RUTENG, FLORESPOS.net-Pengembangan ekonomi berkelanjutan yang dicanangkan Keuskupan Ruteng, NTT, bukannya tanpa dasar. Dasarnya adalah wilayah keuskupan memiliki aneka potensi dan modal/kapital untuk dikembangkan.
Di hadapan peserta sidang pastoral post Natal, akhir pekan lalu, Uskup Ruteng, Mgr. Sipri Hormat sesuai dengan arahan khususnya yang diterima wartawan, Senin (16/1/2023) menyatakan bahwa sedikitnya ada empat potensi dan kapital yang bisa dikembangkan untuk membangun ekonomi di keuskupannya.
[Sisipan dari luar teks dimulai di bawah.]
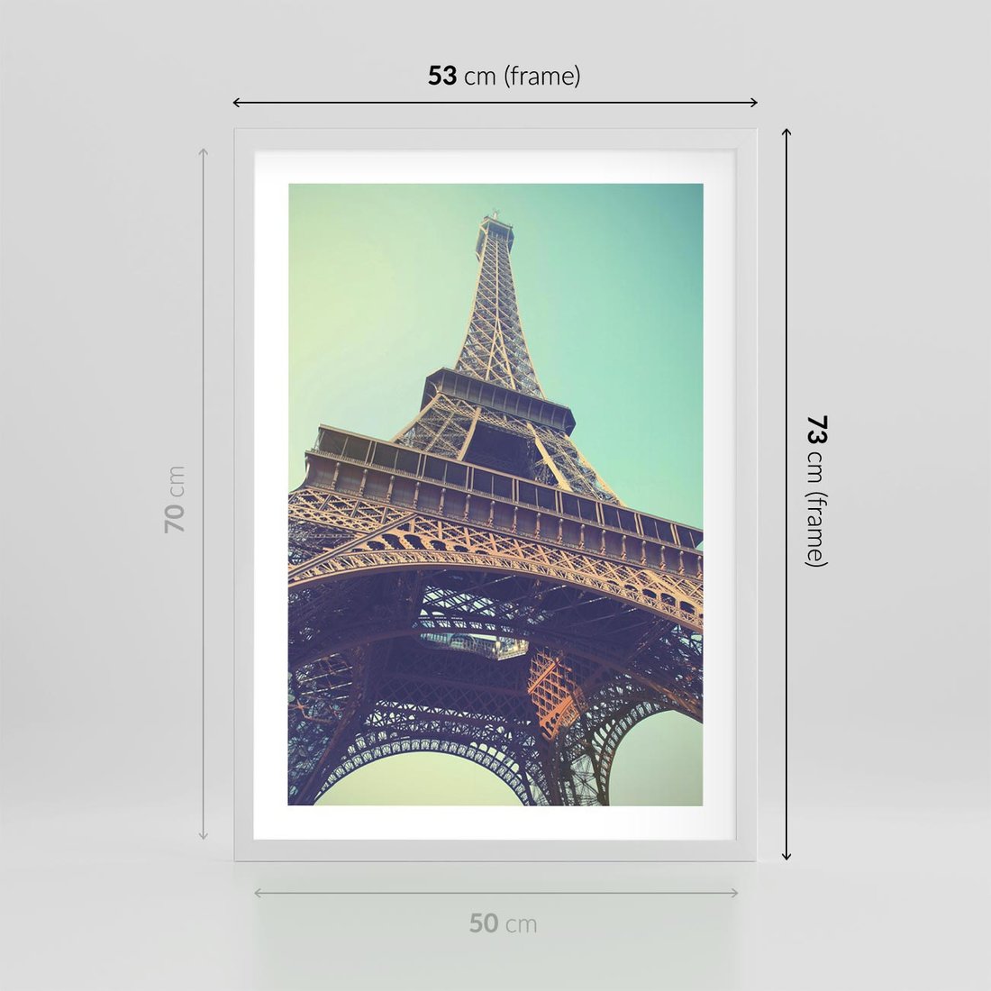 Plakat w ramie 50x70 - Wieża Eiffla w czarno-białej odsłonie - Eiffla, Paryż - rama biała

“Modal itu seperti modal manusia. Jumlah umat dan paroki yang banyak bisa menjadi kekuatan besar sekali bila memiliki komitmen sama untuk mengembangkan ekonomi ke depan,” katanya.
Lalu, modal fisik atau material. Hal itu berupa tanah dan sumber alam yang melimpah; modal sosial berupa ekonomi solider dalam tradisi keluarga, sosial, kultural orang Manggarai dan kearifan lokal yang selaras dengan spirit ekonomi berkelanjutan.
Dan, terakhir, modal spritual. Yang ini berupa kekuatan iman dan etis kristiani yang menuntun dan menggerakan kehidupan umat di Keuskupan Ruteng ini.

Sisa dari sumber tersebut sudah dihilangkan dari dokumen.